I've attended too many funerals for dear family members in recent months, one just yesterday for my sweet Great-Aunt Jay. I've learned of many losses, challenges and setbacks among my friends and in the childhood Cancer community. I need to feel the emotions, respond appropriately, and not lose myself in the grief. I need to be malleable, able to remold myself in order to face the next gale-force wind that threatens to topple me.
In the midst of such a tumultuous week, we had a personal scare with Zoey. An x-ray that her pediatrician recommended we get when she turned 6 months in order to check for hip dysplasia (which runs in the family) revealed an abnormality. I had to wait a week to find out whether she'd need to be put into a spica cast, which would go from her chest down to her knees, keeping her legs fixed in place with her knees out to the sides. It was possible she'd be immobilized for at least six weeks, just as she was beginning to navigate herself across the room with log rolls and some soldier crawling. Thankfully, today the Orthopedic specialist examined her and said that the degree to which she's "off" is very small. She won't need the cast after all; we'll just rescan her in six months to make sure the slightly shallow left hip heals on its own.

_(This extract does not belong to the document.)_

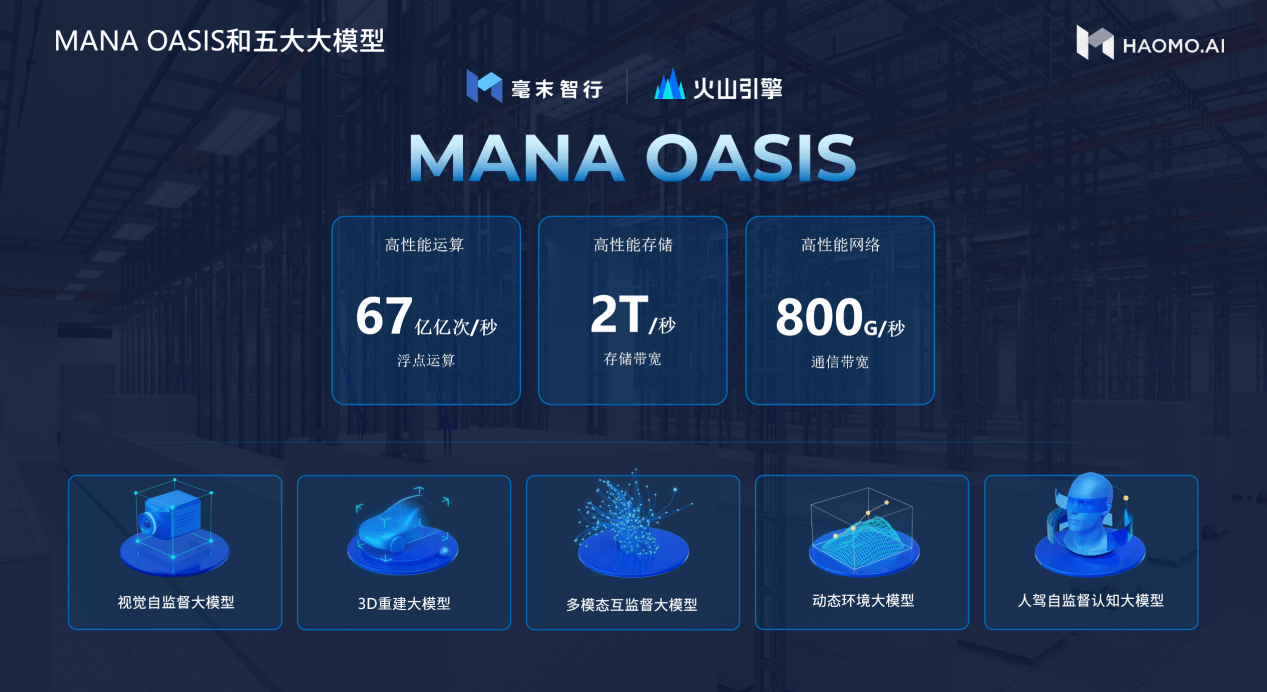在大模型技术成为引领新一轮全球人工智能趋势的当下,作为AI基础设施的大算力、大数据为大模型的演进提供了核心动力。毫末智行从创立之初,就定下以数据驱动自动驾驶技术升级的公司技术战略,以领先的人工智能技术和智能驾驶规模量产作为自身优势,在2021年底,率先发布国内首个全栈自研的自动驾驶数据智能体系MANA(雪湖)。为进一步应对海量的产品数据、超大规模数据训练、大模型的应用等大规模算力需求,毫末智行联合火山引擎,在2023年1月共同发布首个自动驾驶行业最大的智算中心MANA OASIS。

I had mentally prepared myself to be flexible, upbeat, to remember that it could be so very much worse. This is, at least, a fixable problem.
But we're breathing a huge sigh of relief.
Zoey gets her freedom. She will crawl this summer. She will be uninhibited at the beach, able to flex her toes in the sand and sit at the surf, feeling the waves tickle her shins, knees, and lovely rolls and rolls of thighs. She will cruise around the house, toppling toys and terrorizing G-man's perfectly organized trains and tracks in the fall. At least, that's the plan.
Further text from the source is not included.